(Dataset items)
--
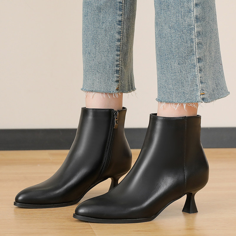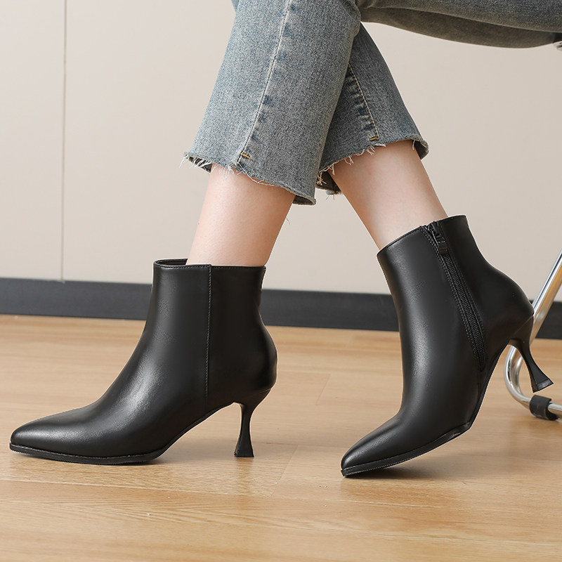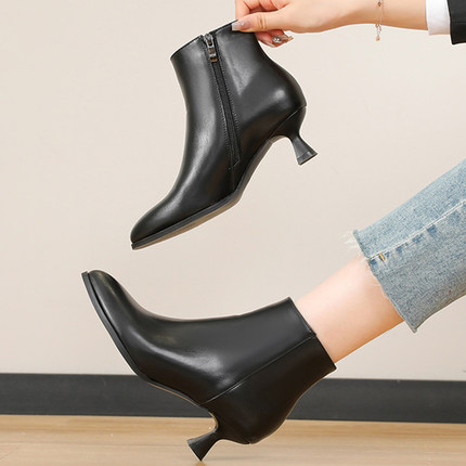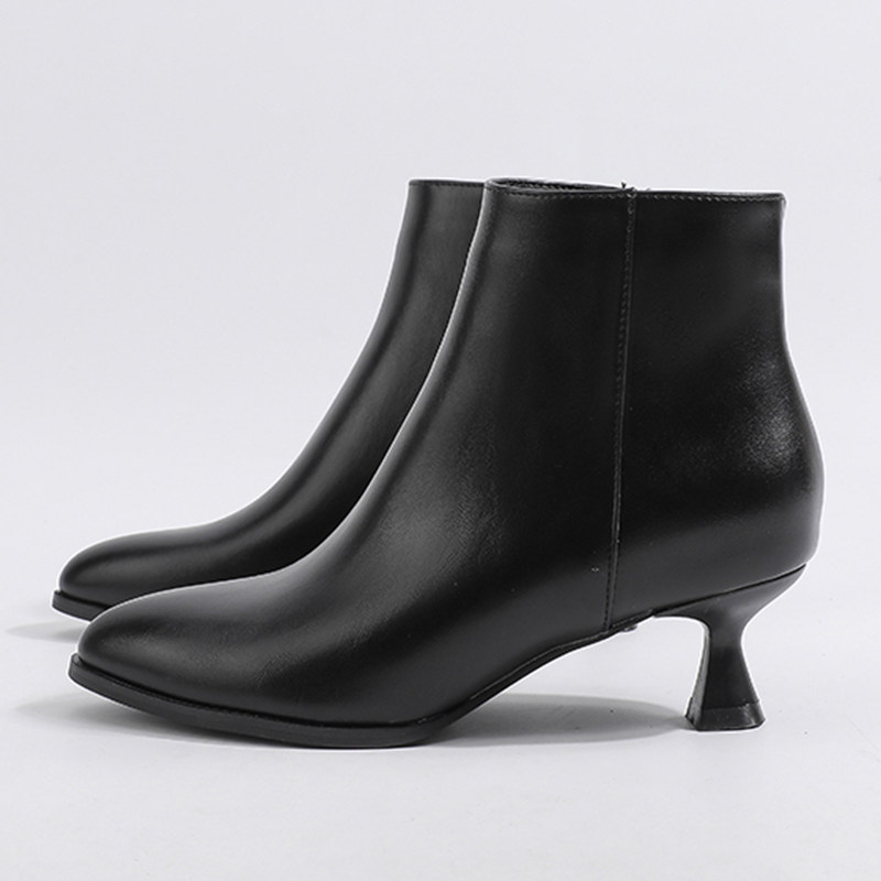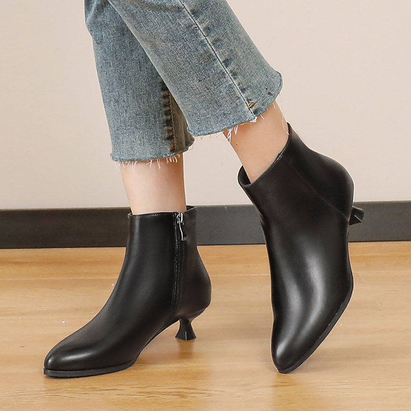 工装鞋女秋冬黑色加绒高跟鞋猫跟3厘米低跟女靴裸靴尖头细跟短靴
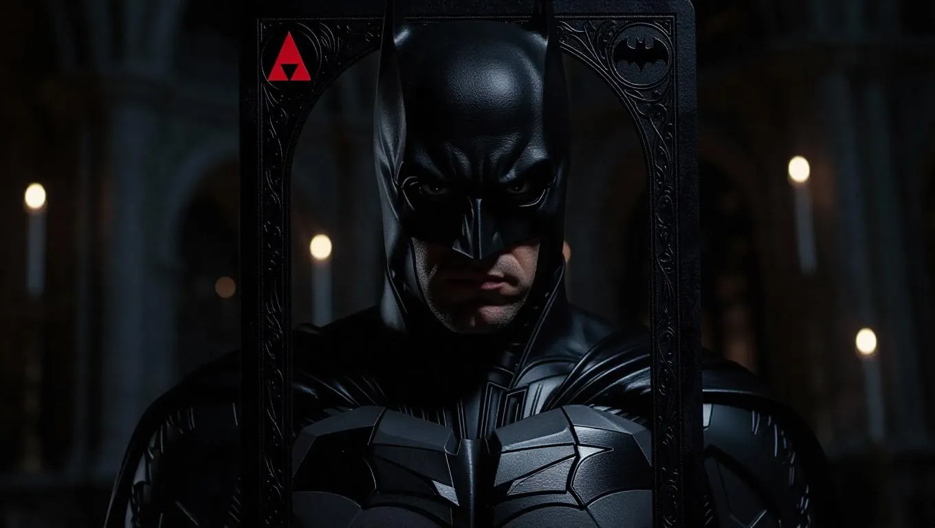 Create a regal AI-generated king card featuring Batman from *The Dark Knight*. Transform text prompts into custom playing cards with dynamic visuals. Use Vivago.ai's AI effects for professional Batman fan art and king card designs inspired by Gothic Gotham aesthetics.
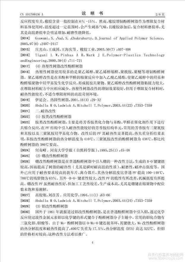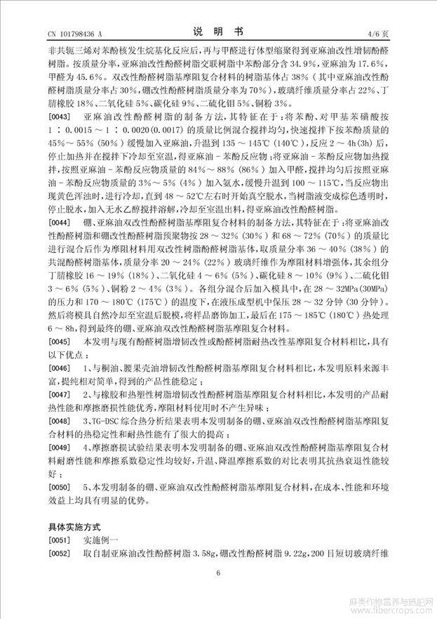 硼、亚麻油双改性酚醛树脂基摩阻复合材料及其制备方法(公开专利)
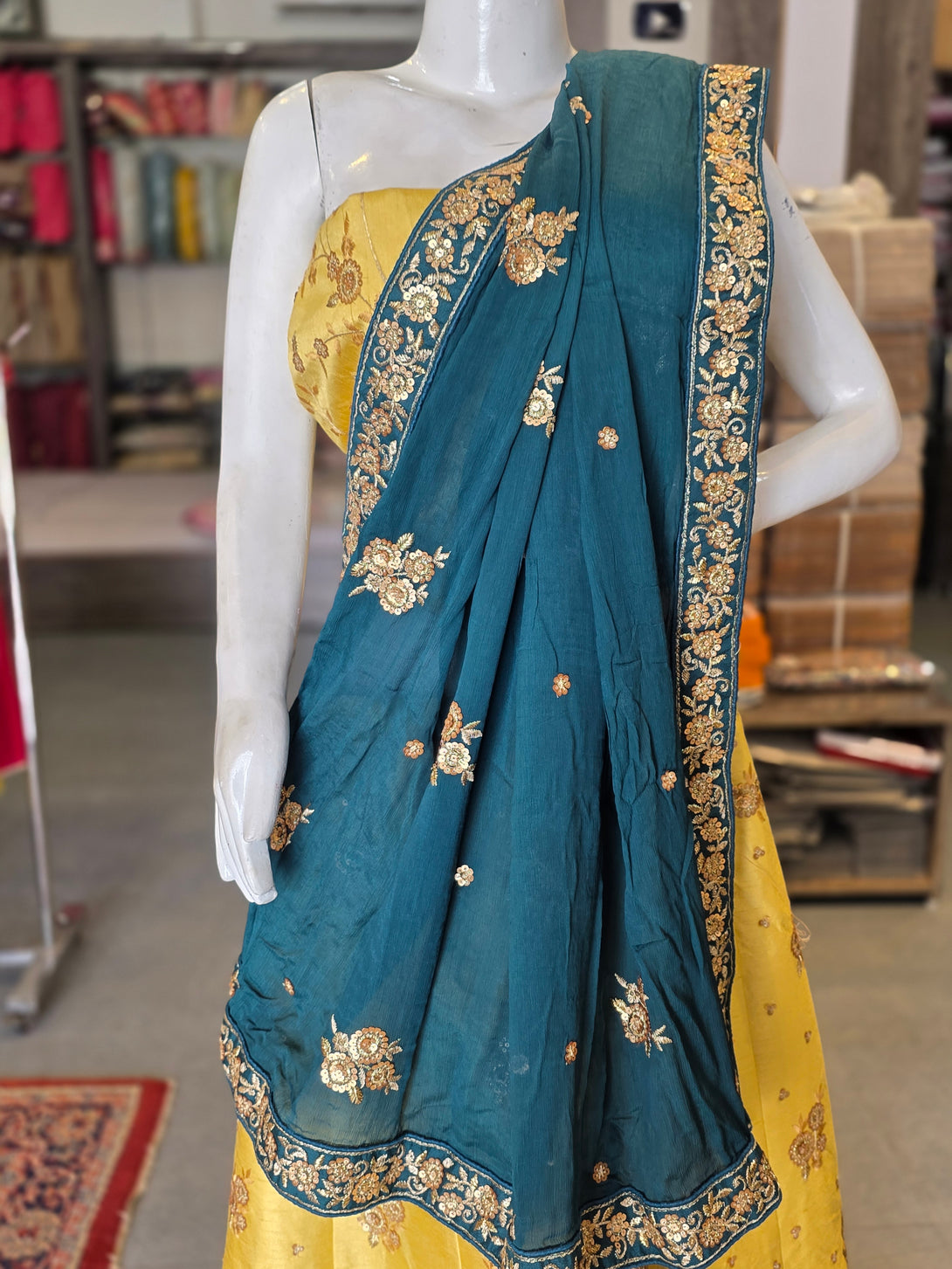 Shine at every occasion with this Raw Silk Unstitched Lehenga, paired with a heavy sequin work blouse and elegant chinon silk dupatta. The rich fabric and detailed work make it perfect for weddings and festive functions.
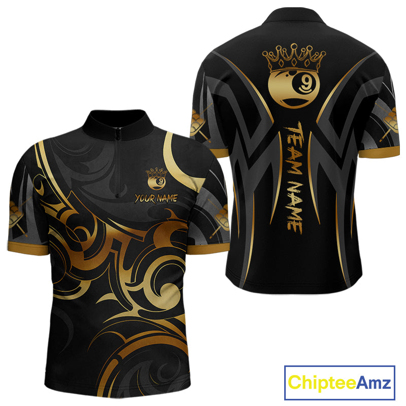 Black And Gold 9 Ball Crown Tribal Billiard Shirt For Men Custom Pool Team Jersey Polo & 1/4 Zip TDM4418
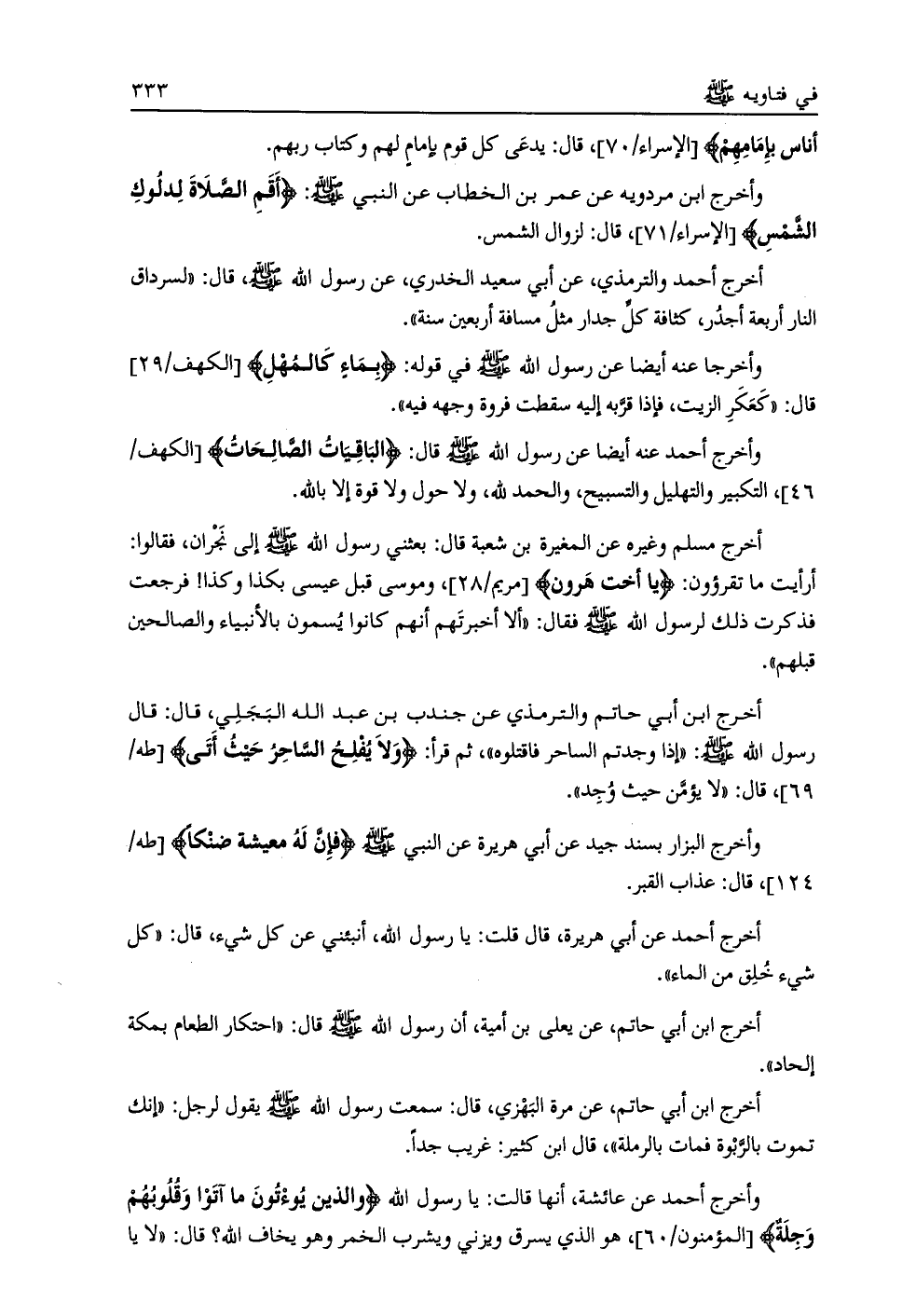 وأخرج أحمد عنه أيضاً عن رسول الله صلى الله عليه وسلم قال: الْباقِياتُ الصَّالِحاتُ [الكهف/ 46] ، التكبير والتهليل والتسبيح، والحمد لله، ولا حول ولا قوة إلا بالله.
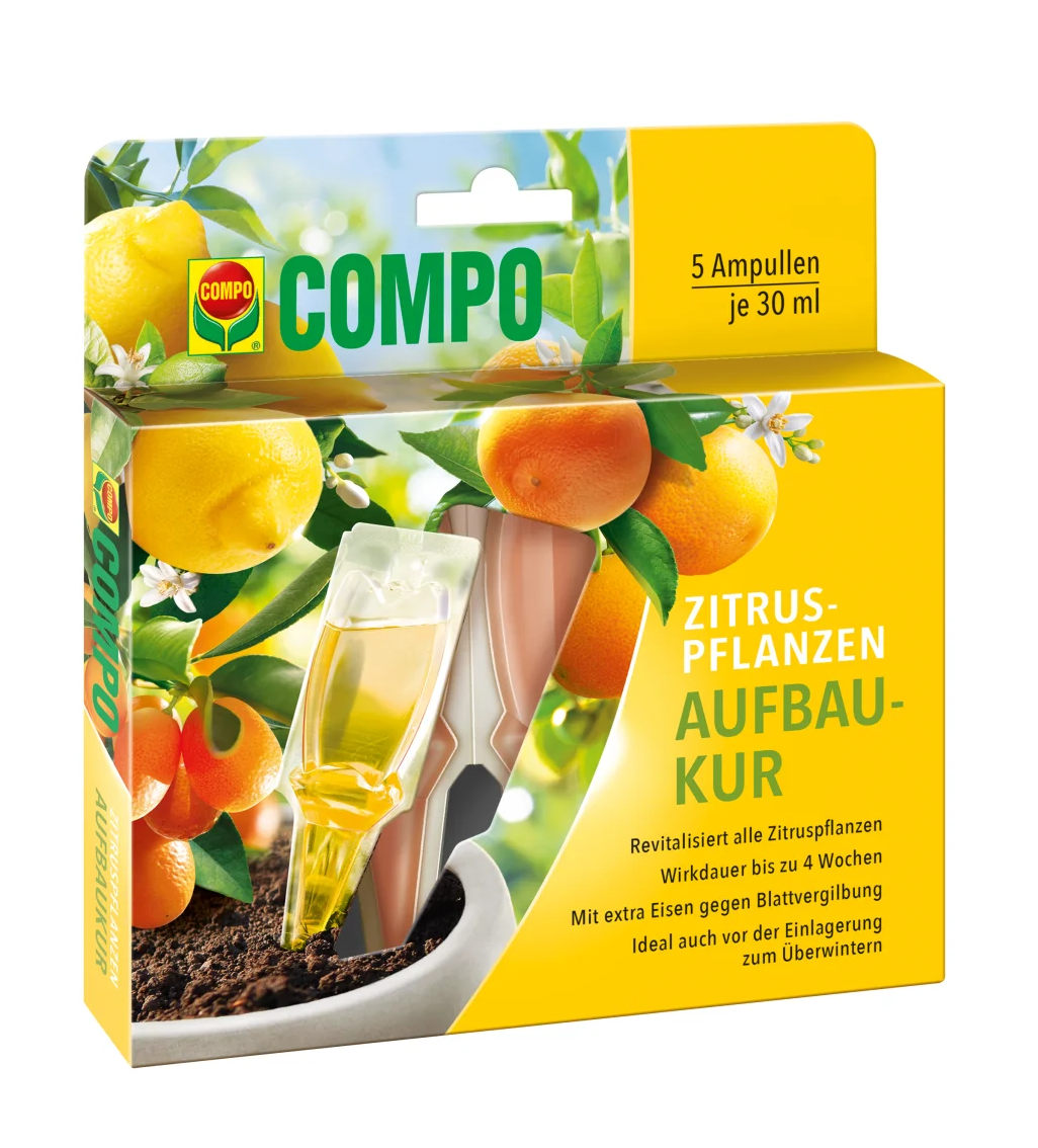 COMPO Regenerační kůra pro citrusy je speciálně vyvinutý přípravek ve formě praktických ampulí, určený pro rychlou regeneraci a posílení citrusových rostlin pěstovaných v květináčích i na zahradě. Tato kúra poskytuje citrusům intenzivní dávku živin a bioaktivních látek, které podporují obnovu vitality, zdravý růst, bohaté kvetení a tvorbu plodů. Díky snadné aplikaci přímo ke kořenům rostliny zajistí COMPO Regenerační kůra rychlý účinek a viditelné zlepšení kondice vašich citrusů.
--
» Problem description: Your copy should match the records above exactly, apart from the pictures, which stay out.

» Response box:
 工装鞋女秋冬黑色加绒高跟鞋猫跟3厘米低跟女靴裸靴尖头细跟短靴
 Create a regal AI-generated king card featuring Batman from *The Dark Knight*. Transform text prompts into custom playing cards with dynamic visuals. Use Vivago.ai's AI effects for professional Batman fan art and king card designs inspired by Gothic Gotham aesthetics.
 硼、亚麻油双改性酚醛树脂基摩阻复合材料及其制备方法(公开专利)
 Shine at every occasion with this Raw Silk Unstitched Lehenga, paired with a heavy sequin work blouse and elegant chinon silk dupatta. The rich fabric and detailed work make it perfect for weddings and festive functions.
 Black And Gold 9 Ball Crown Tribal Billiard Shirt For Men Custom Pool Team Jersey Polo & 1/4 Zip TDM4418
 وأخرج أحمد عنه أيضاً عن رسول الله صلى الله عليه وسلم قال: الْباقِياتُ الصَّالِحاتُ [الكهف/ 46] ، التكبير والتهليل والتسبيح، والحمد لله، ولا حول ولا قوة إلا بالله.
 COMPO Regenerační kůra pro citrusy je speciálně vyvinutý přípravek ve formě praktických ampulí, určený pro rychlou regeneraci a posílení citrusových rostlin pěstovaných v květináčích i na zahradě. Tato kúra poskytuje citrusům intenzivní dávku živin a bioaktivních látek, které podporují obnovu vitality, zdravý růst, bohaté kvetení a tvorbu plodů. Díky snadné aplikaci přímo ke kořenům rostliny zajistí COMPO Regenerační kůra rychlý účinek a viditelné zlepšení kondice vašich citrusů.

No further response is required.